Write list of nested dictionaries to excel file in python

Question

I have a list of nested dictionaries that looks like this:

[{'posts': {'item_1': 1,
                            'item_2': 8,
                            'item_3': 105,
                            'item_4': 324,
                            'item_5': 313, }},
                 {'edits': {'item_1': 1,
                            'item_2': 8,
                            'item_3': 61,
                            'item_4': 178,
                            'item_5': 163}},
                 {'views': {'item_1': 2345,
                            'item_2': 330649,
                            'item_3': 12920402,
                            'item_4': 46199102,
                            'item_5': 43094955}}]

I would like to write it to an excel file in this format:

+--------+-------+-------+-----------+
|        | posts | edits |   views   |
+--------+-------+-------+-----------+
| item_1 |     1 |     1 |      2345 |
| item_2 |     8 |     8 |    330649 |
| item_3 |   105 |    61 |  12920402 |
| item_4 |   324 |   178 |  46199102 |
| item_5 |   313 |   163 | 430949955 |
+--------+-------+-------+-----------+

I am using the xlsxwriter library and trying the following and variations on the following without success:

for item in data:
    for col_name, data in item.iteritems():
        col += 1
        worksheet.write(row, col, col_name)
        for row_name, row_data in data.iteritems():
            col += 1
            worksheet.write(row, col, row_name)
            worksheet.write(row + 1, col, row_data)

I'm wondering if it makes sense to rework my nested dictionary object or is it possible to write to excel in it's current form?

When I say without much success i mean, that I can get it to write certain thigns to the excel file, like column names or row or the data, but I am unable to get it to write like pictured above. I'm not getting errors, I suspect i jsut don't know how to unpack this object properly to loop through it. In the code above, I am given a combination of row and column names on row 1 and all of the values on row 2.
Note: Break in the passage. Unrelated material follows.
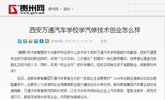 【貴州網】西安萬通汽車學校學汽修技術創業怎么樣
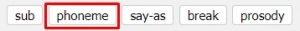 Чтобы применить алфавит к слову, нажмите на кнопку SSML, появится дополнительная панель, выделите слово и нажмите phoneme. Слово обернется в тег, внутри которого нужно прописывать слово в МФА-алфавите.

My output for the code above is:

+--+-------+--------+--------+--------+--------+--------+-------+--------+--------+--------+--------+--------+-------+----------+----------+--------+----------+--------+
|  | posts | item_4 | item_5 | item_2 | item_3 | item_1 | edits | item_4 | item_5 | item_2 | item_3 | item_1 | views |  item_4  |  item_5  | item_2 |  item_3  | item_1 |
+--+-------+--------+--------+--------+--------+--------+-------+--------+--------+--------+--------+--------+-------+----------+----------+--------+----------+--------+
|  |       |    324 |    313 |      8 |    105 |      1 |       |    178 |    163 |      8 |     61 |      1 |       | 46199102 | 43094955 | 330649 | 12920402 |   2345 |
+--+-------+--------+--------+--------+--------+--------+-------+--------+--------+--------+--------+--------+-------+----------+----------+--------+----------+--------+

Can you be more specific than "without success"? See minimal reproducible example — jonrsharpe
– jonrsharpe, Commented Sep 8, 2015 at 17:21
Have you considered processing the dictionary to look more like the output you want to start with (i.e. {'item1': {'posts': 8, 'edits': 1, ...}, ...})? — jonrsharpe
– jonrsharpe, Commented Sep 8, 2015 at 17:36

Martin Evans · Accepted Answer · 2015-09-09 14:48:30Z

2

As an alternative, this could be solved using csv as follows:

import csv
import itertools

nested = [
    {'posts': {'item_1': 1, 'item_2': 8, 'item_3': 105, 'item_4': 324, 'item_5': 313,}},
    {'edits': {'item_1': 1, 'item_2': 8, 'item_3': 61, 'item_4': 178, 'item_5': 163}},
    {'views': {'item_1': 2345, 'item_2': 330649, 'item_3': 12920402, 'item_4': 46199102, 'item_5': 43094955}}]

headings = [d.keys()[0] for d in nested]
entries = [sorted(nested[index][col].items()) for index, col in enumerate(headings)]    

with open('output.csv', 'wb') as f_output:
    csv_output = csv.writer(f_output)
    csv_output.writerow(['items'] + headings)

    for cols in itertools.izip_longest(*entries, fillvalue=['<n/a>']*len(entries[0])):
        csv_output.writerow([cols[0][0]] + [col[1] for col in cols])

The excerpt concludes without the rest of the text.